From my experience.....It works well but is very strong stuff. It's potent.


That being said; I do find a difference in coral colours and growth when using it. I don't use it/dose it religiously; only when I remember to.

A couple of things to note:

- expect a bit of a noticeable algae bloom on the glass of your display after using it.

- anemones don't seem to take well to it if you overdose (like anything else) or dose it in a specific area near the anemones.

- I also found GSP out of all things; are also quite sensitive to it as well.


----------



## aln (Jan 26, 2010)

i got a bottle of fuel as a gift to try but have not tried it yet. read alot of reviews for it though and most of them were good. alot of people starts with 1/2 the recommanded dose so im going to be trying that soon.


----------



## altcharacter (Jan 10, 2011)

Al, bring that bottle over my house and I'll trade you some water dude!! I'd like to try out a bit to see how it works on my tank


----------



## aln (Jan 26, 2010)

altcharacter said:


> Al, bring that bottle over my house and I'll trade you some water dude!! I'd like to try out a bit to see how it works on my tank


Hahaha nice!! How much you want?
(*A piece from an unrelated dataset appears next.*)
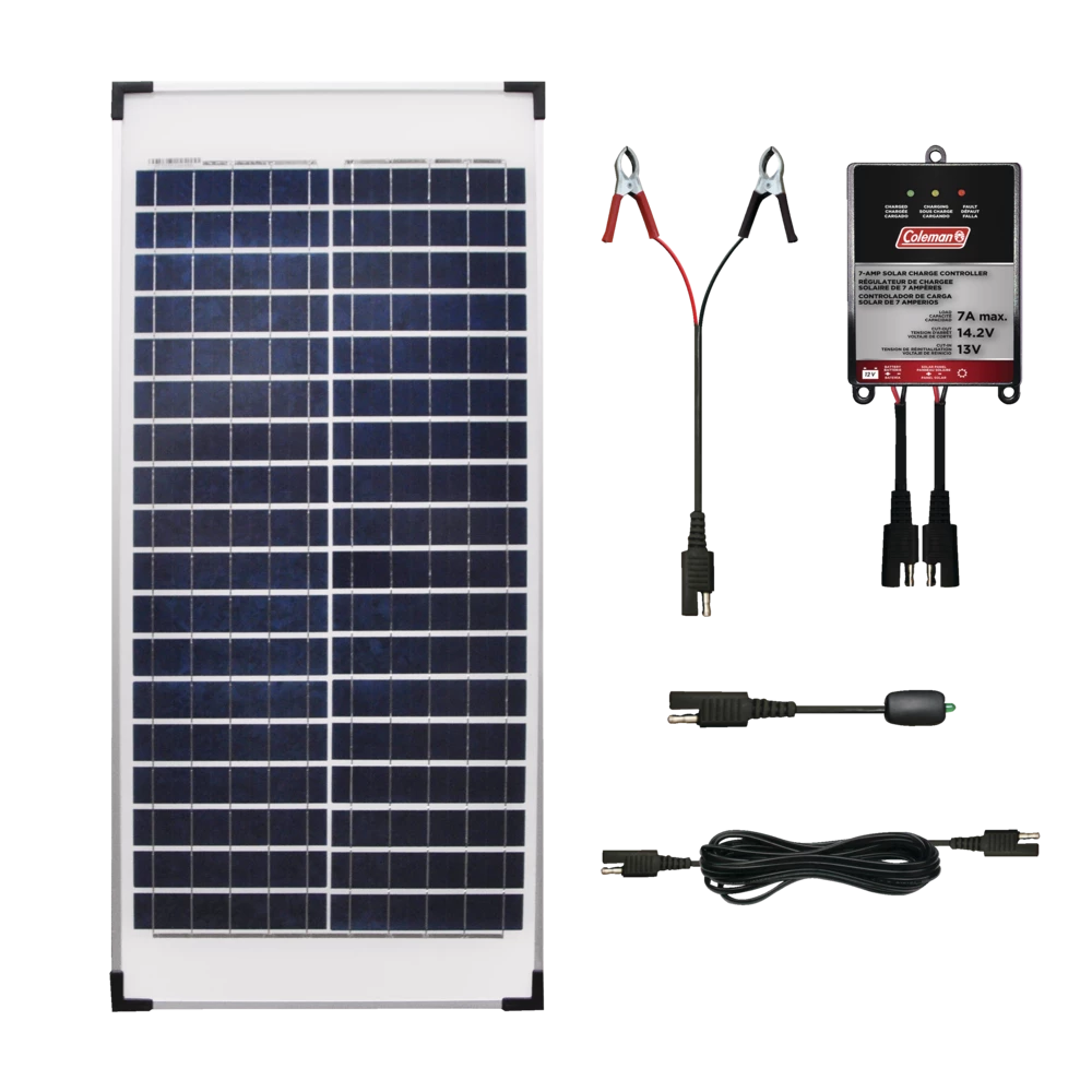 - Includes 7 Amp charge controller to protect the 12 Volt battery from overcharging

I still have to opening it. I'm going to try dosing it this weekend maybe. I'm almost done my remix big almost water too. Can't wait to start mixing my own lol


----------



## jd81 (Dec 16, 2011)

Anybody knows which LFS carries it?


----------



## CanadaCorals.com (May 12, 2013)

jd81 said:


> Anybody knows which LFS carries it?


We have it. 

Not just Fuel but the entire AquaVitro line.


----------



## Taipan (Feb 12, 2012)

In no particular order:

Aquatic Kingdom
North American Fish Breeders
Big Al's
Sea U Marine
Canada Corals

All carry the Seachem Aquavitro Line.


----------



## jd81 (Dec 16, 2011)

CanadaCorals.com said:


> We have it.
> Not just Fuel but the entire AquaVitro line.





Taipan said:


> In no particular order:
> 
> Aquatic Kingdom
> North American Fish Breeders
> ...


Thanks. I guess I don't pay enough attention to the additives section


----------



## Letigrama (Jul 6, 2008)

Is working great for me. Half dose every week. My nems don't mind at all. It haa helped my hammer and elegance and ricordeas and rooms as well


----------